今月引退した元前頭貴ノ岩の暴力問題などの不祥事に、元貴乃花親方の退職と、世間を騒がせ続けた2018年の大相撲。土俵では栃ノ心、御嶽海、貴景勝と3人も初優勝力士が誕生した。今年1年間、幕内を務めた力士が対象の連載「第7回日刊スポーツ大相撲大賞」では、そんな陰で生まれた好記録や珍記録を表彰する。
◇ ◇ ◇
土俵下から審判団の協議を見守る心境はいかに-。今年1年の取組で、最も物言いをつけられた「行司泣かせで賞」を受賞したのは勢(32=伊勢ノ海)だった。
「そうなんだ…。確かに土俵際でもつれることは多かったね」と心当たりはある様子。受賞については「お互いが執念を見せたから物言いになるんでしょ? お客さんを沸かすことができてうれしいな」と、ファンの顔を思い浮かべて喜んだ。

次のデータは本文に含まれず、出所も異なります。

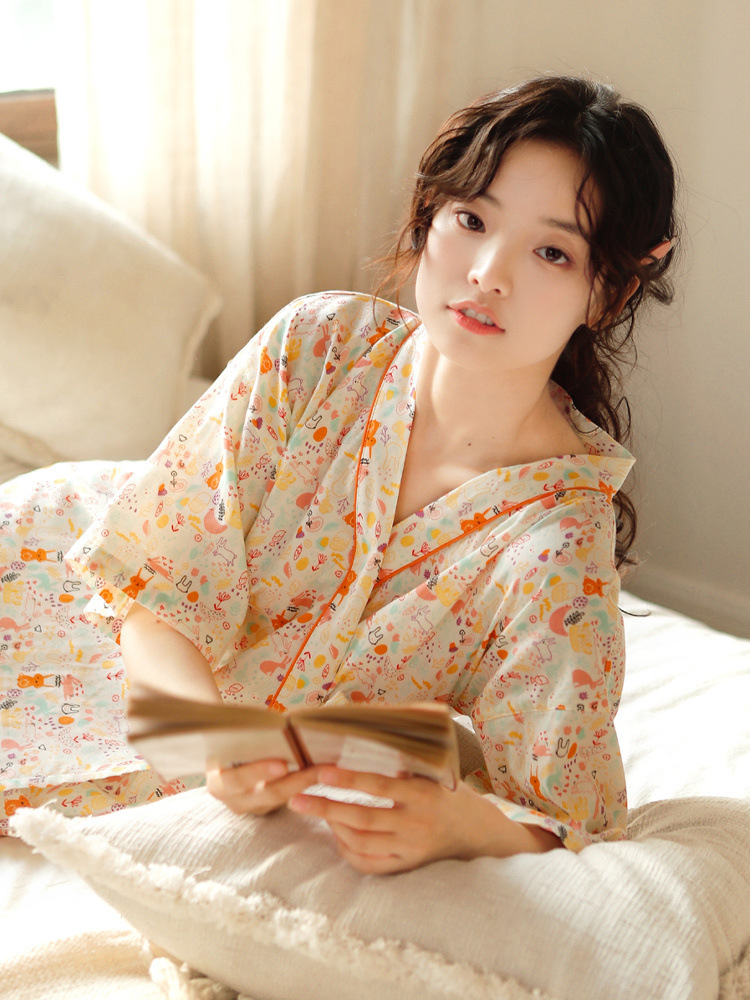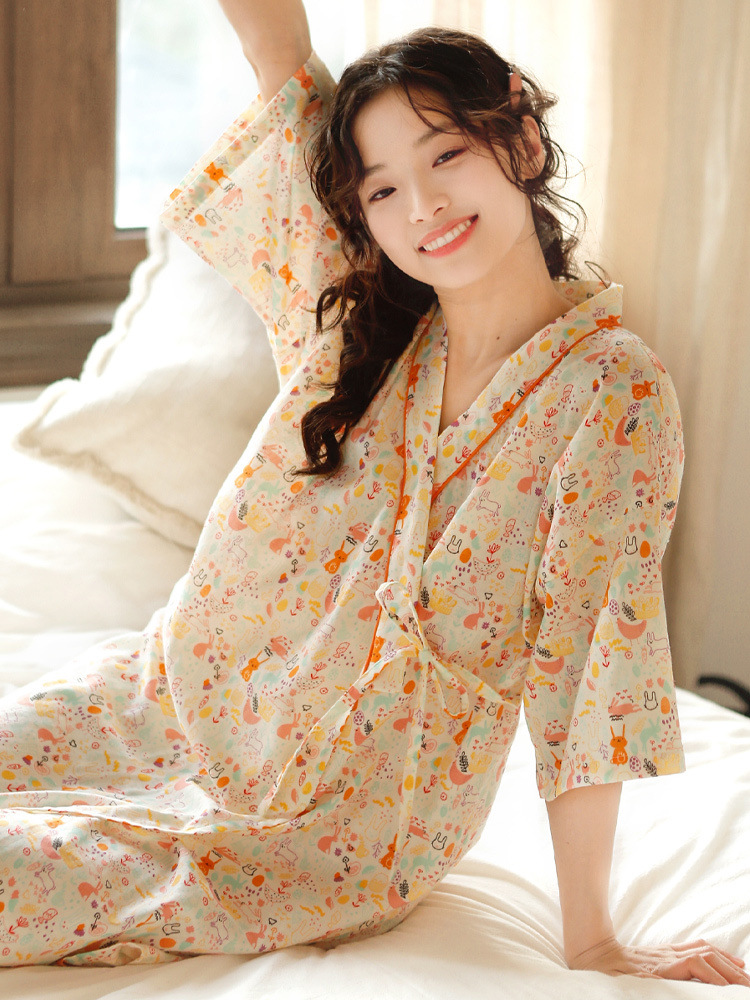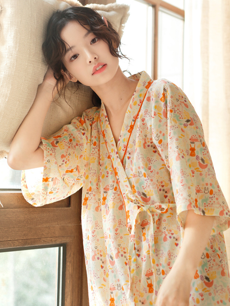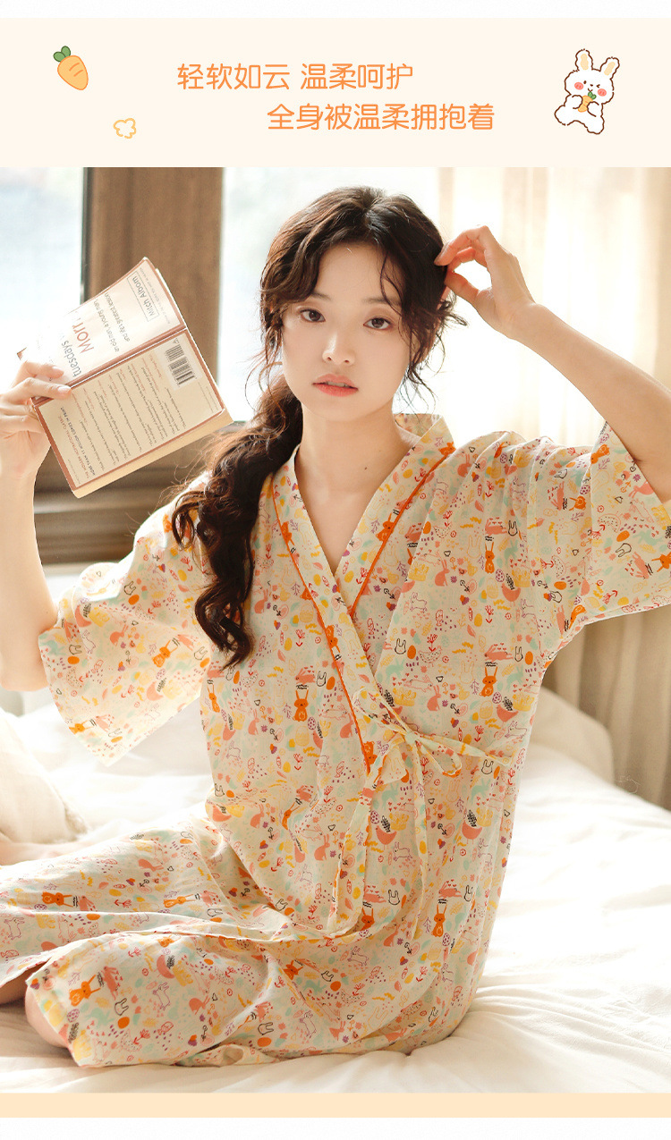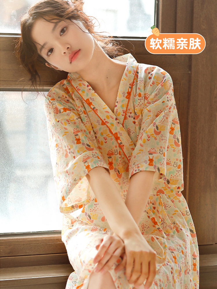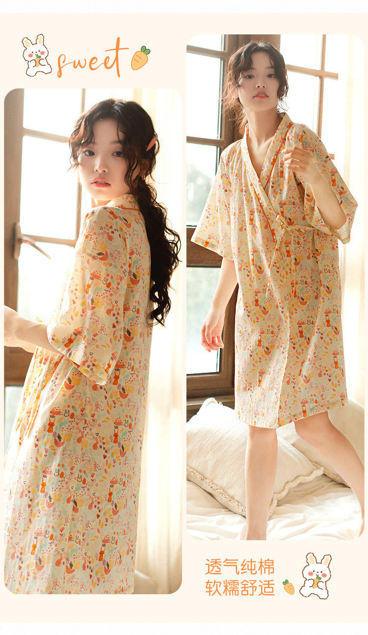 ins睡袍女夏款全棉性感長款甜美日系夏季薄款浴衣袍短袖款家居服

“逆転の勢”を印象づけた。物言いがつけられた取組は全部で8番あり、5勝3敗と勝ち越し。その中でも行司軍配差し違いで3つの白星を拾った。「誇らしいこと。最後まで勝負を諦めなかったということだから」。角界屈指のイケメンで知られるが、土俵際では誰よりも泥くさかったのかもしれない。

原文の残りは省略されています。